The NDRC warning followed record highs in peak-load capacity and power generation on July 14 as regional and provincial power grids strained to keep pace with demand, the official Xinhua news agency reported.

More than 22 cities issued schedules for rotating power outages to prevent blackouts, S&P Global Platts news service said.

The modest size of the inventory requirement was a reflection of the low levels of coal supplies at eastern power plants. The NDRC took steps to reduce high prices with the announcement that it would release 10 million metric tons of coal from its limited reserves, which were reportedly down to 40 million tons.

The numbers are a small fraction of the 1.94 billion tons of coal that China produced in the first half of the year and the 4.04 billion tons that it consumed in 2020, according to official and industry data.

Coal production through June was up 6.4 percent as electricity output climbed 13.7 percent from a year earlier during the COVID-19 recovery period, the National Bureau of Statistics (NBS) said.

First-half coal consumption rose 10.7 percent, while electricity use jumped 16.2 percent, a National Energy Administration (NEA) official said on July 28.
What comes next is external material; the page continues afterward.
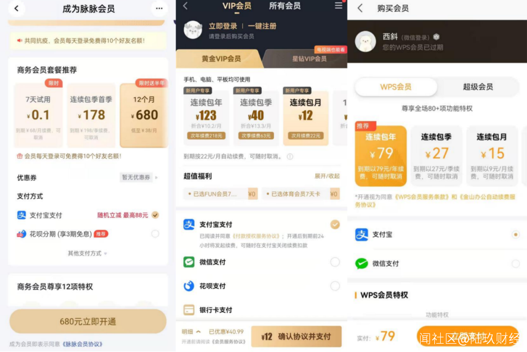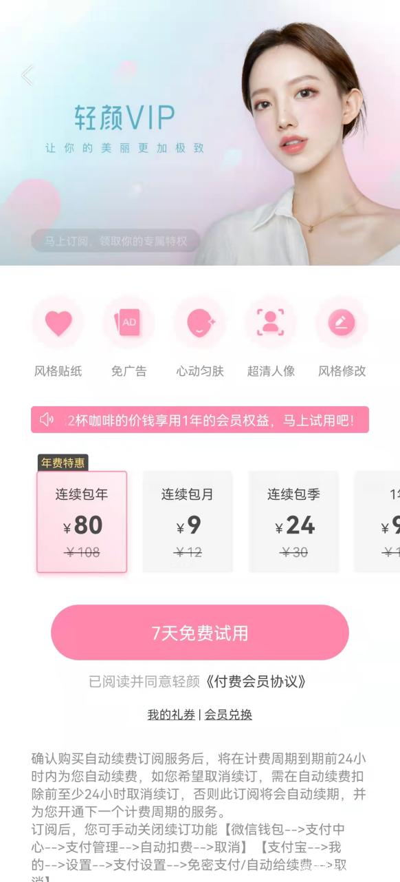 7天會員免費,首月會員0.1元,騰訊視頻、百度網盤、輕顏相機、脈脈、探探……從娛樂到工具APP,不分公司大小用户多少,有付費會員的地方,幾乎就有自動續費的問題。其中,愛奇藝、脈脈、輕顏相機、WPS等諸多軟件,在告訴用户自動續費這件事上,還是以小灰字等手段遮遮掩掩。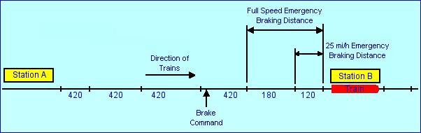 In order to understand how the ATO signalling system works, it is necessary to mention the need for a safe braking distance. If a train travelling at (say) 40 mi/h is tripped, it will travel about 600 feet (200 m) before coming to rest. So, to ensure safety for the train, it must be stopped before it can enter an occupied block. The way to do this is to trip the train if it enters the block before the occupied one. Such a section is called the "overlap" and its length will be at least that required for a train to come to rest from maximum possible speed.

In another move to boost coal, the NDRC said on July 19 that it plans to add 110 million tons of new production capacity in the second half of this year. Forty million tons of annual capacity were under review for approval while 70 million tons were already under construction, the agency said.

On Thursday, the NDRC authorized the restart of 15 shuttered mines for a year in northern provinces and Xinjiang to deliver about 44 million tons of coal, Bloomberg News reported. Last week, 38 mines in Inner Mongolia were ordered to reopen, it said.

Last year, China accounted for 54.3 percent of all the coal consumption in the world in energy equivalent terms, according to the BP Statistical Review of World Energy.

China’s sensitivity to the figures may account for the infrequency of its disclosures of consumption volumes and tonnage in reports by the China National Coal Association (CNCA) and state media.

In a rare report on July 20, the official English-language China Daily verified an earlier Reuters estimate of last year’s consumption tonnage, but not its calculation that usage rose 0.6 percent, marking the fourth year in a row of increases.

Instead, state media have highlighted more favorable numbers from plans to reduce coal’s share of China’s primary energy mix in percentage terms. Those measures predict progress in keeping with President Xi Jinping’s pledge last September to reach a peak in carbon emissions before 2030 and achieve “net zero” carbon neutrality before 2060.

At an industry conference in late June, state-owned energy companies said that coal’s share would drop from 56.8 percent of energy supplies last year to 44 percent in 2030 and just 8 percent by 2060 to meet Xi’s climate goals.

Future dependence

By 2025, the coal share of energy use will fall to 51 percent, according to the China Electric Power Planning & Engineering Institute. As renewable sources increase, generating capacity from non-fossil fuels is slated to exceed that of coal-fired power by the end of this year, the China Electricity Council (CEC) said.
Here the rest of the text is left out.